Una pareja de votantes demócratas se besa durante la noche electoral, en Nueva York. (Reuters)
Una pareja de votantes demócratas se besa durante la noche electoral, en Nueva York. (Reuters)

La defensa que hace el partido de las minorías y la celebración de la diversidad son genuinas y loables, pero han creado una enorme brecha entre el Partido Demócrata y una extensa franja del centro de EEUU. Este es un abismo cultural que no puede superarse defendiendo políticas más efectivas en créditos fiscales, cursos de reincorporación al mercado laboral y educación preescolar. Los demócratas necesitan hablar sobre la identidad nacional de Estados Unidos de una manera que resalte los elementos comunes que unen, no aquellos que nos dividen. Las políticas en esas áreas son importantes. El partido debería tomar una posición en cuanto a la inmigración que sea menos absolutista, que reconozca tanto los costes culturales como los económicos de la inmigración masiva.

En alguno de los asuntos relacionados con la orientación sexual, puede (y debería) afirmar sus principios sin compromiso. Sin embargo, tal vez sea posible mostrar una mayor comprensión hacia las zonas del país que no están de acuerdo.
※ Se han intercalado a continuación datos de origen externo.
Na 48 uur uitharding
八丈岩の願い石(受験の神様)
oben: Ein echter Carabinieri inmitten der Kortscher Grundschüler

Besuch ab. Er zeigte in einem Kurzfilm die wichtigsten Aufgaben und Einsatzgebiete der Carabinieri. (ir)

California promulgó hace poco una prohibición de viaje que ahora inhabilita viajes financiados por el Estado a ocho estados con leyes que, en opinión de California, discriminan a personas del colectivo LGBTQ (lesbianas, gais, bisexuales, transgénero). Mientras tanto, California no tiene ningún problema en pagar a los empleados para viajar a paraísos de la tolerancia como China, Qatar y Rusia.
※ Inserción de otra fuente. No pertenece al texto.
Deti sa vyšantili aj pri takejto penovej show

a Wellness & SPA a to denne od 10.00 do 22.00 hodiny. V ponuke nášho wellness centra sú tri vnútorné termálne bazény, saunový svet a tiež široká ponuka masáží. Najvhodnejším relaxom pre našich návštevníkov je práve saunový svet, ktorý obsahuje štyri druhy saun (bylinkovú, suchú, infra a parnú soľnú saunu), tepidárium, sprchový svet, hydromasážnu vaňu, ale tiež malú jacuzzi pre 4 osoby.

Cuanto más estudio sobre este asunto, más me convenzo de que las personas deciden su voto basándose, principalmente, en una unión emocional con un candidato, en el sentimiento de que se entienden el uno al otro. Los demócratas tiene que reconocer esto. Deberían intentar siempre ser fieles a sus ideales, por supuesto, pero también trasladar a una amplia gama de estadounidenses (los del medio rural, los que tienen menos formación, los de mayor edad, los blancos) que comprenden y respetan sus vidas, sus valores y su valía. Es un ejercicio de equilibrio mucho más complejo que presionar para lograr un aumento del salario mínimo. Hoy en día, este terreno de la identidad cultural es el auténtico cruce de caminos de la política.